* _Work required_:
The reply should contain every line of the data, repeated exactly, and no pictures.

* _Dataset extract_:
*-*-*

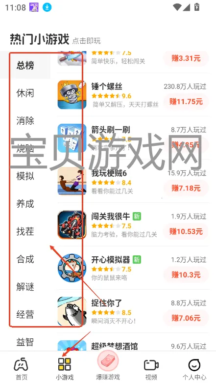 3、或者进入小游戏板块,可以筛选类型,获取喜欢的游戏内容
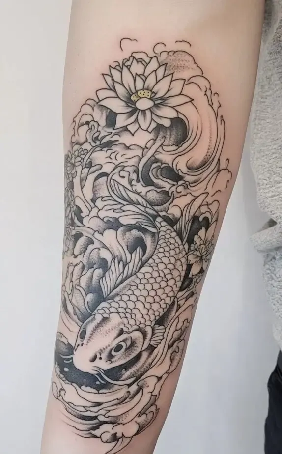 The flowing water and gentle shading bring movement to this piece, while the carefully detailed scales and petals highlight the artist s skill. This tattoo s balance of soft curves and sharp details makes it an ideal choice for anyone seeking a visually stunning and meaningful half-sleeve.
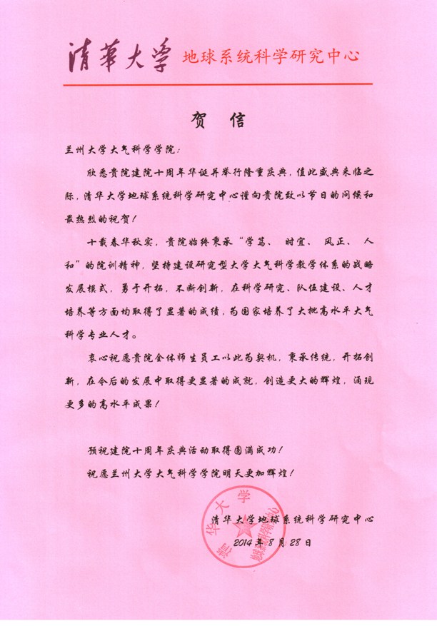 清华大学地球系统科学研究中心贺信
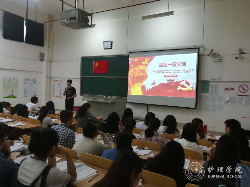 党课上,首先王晓玲对即将毕业的同学们表示衷心的祝贺,恭喜同学们经过四年的努力,顺利毕业。其次,她希望党员同学们要学会感恩:一要感恩母校,感恩母校四年的精心培育之情;二是感恩父母,感恩父母多年的养育之情;三是感恩社会,以最好的心态迎接新的环境,时刻传播正能量。王晓玲还强调,作为一名医学生党员,一定要将耐心、爱心、责任心融入到今后的学习、生活和工作中,充分发挥党员的先锋模范作用。随后,毕业生党员李浩代表发言,他道出了在院领导和老师们的关心下,茁壮地成长,表达了对母校的依依不舍之情。

*-*-*

* _Your response_:
 3、或者进入小游戏板块,可以筛选类型,获取喜欢的游戏内容
 The flowing water and gentle shading bring movement to this piece, while the carefully detailed scales and petals highlight the artist s skill. This tattoo s balance of soft curves and sharp details makes it an ideal choice for anyone seeking a visually stunning and meaningful half-sleeve.
 清华大学地球系统科学研究中心贺信
 党课上,首先王晓玲对即将毕业的同学们表示衷心的祝贺,恭喜同学们经过四年的努力,顺利毕业。其次,她希望党员同学们要学会感恩:一要感恩母校,感恩母校四年的精心培育之情;二是感恩父母,感恩父母多年的养育之情;三是感恩社会,以最好的心态迎接新的环境,时刻传播正能量。王晓玲还强调,作为一名医学生党员,一定要将耐心、爱心、责任心融入到今后的学习、生活和工作中,充分发挥党员的先锋模范作用。随后,毕业生党员李浩代表发言,他道出了在院领导和老师们的关心下,茁壮地成长,表达了对母校的依依不舍之情。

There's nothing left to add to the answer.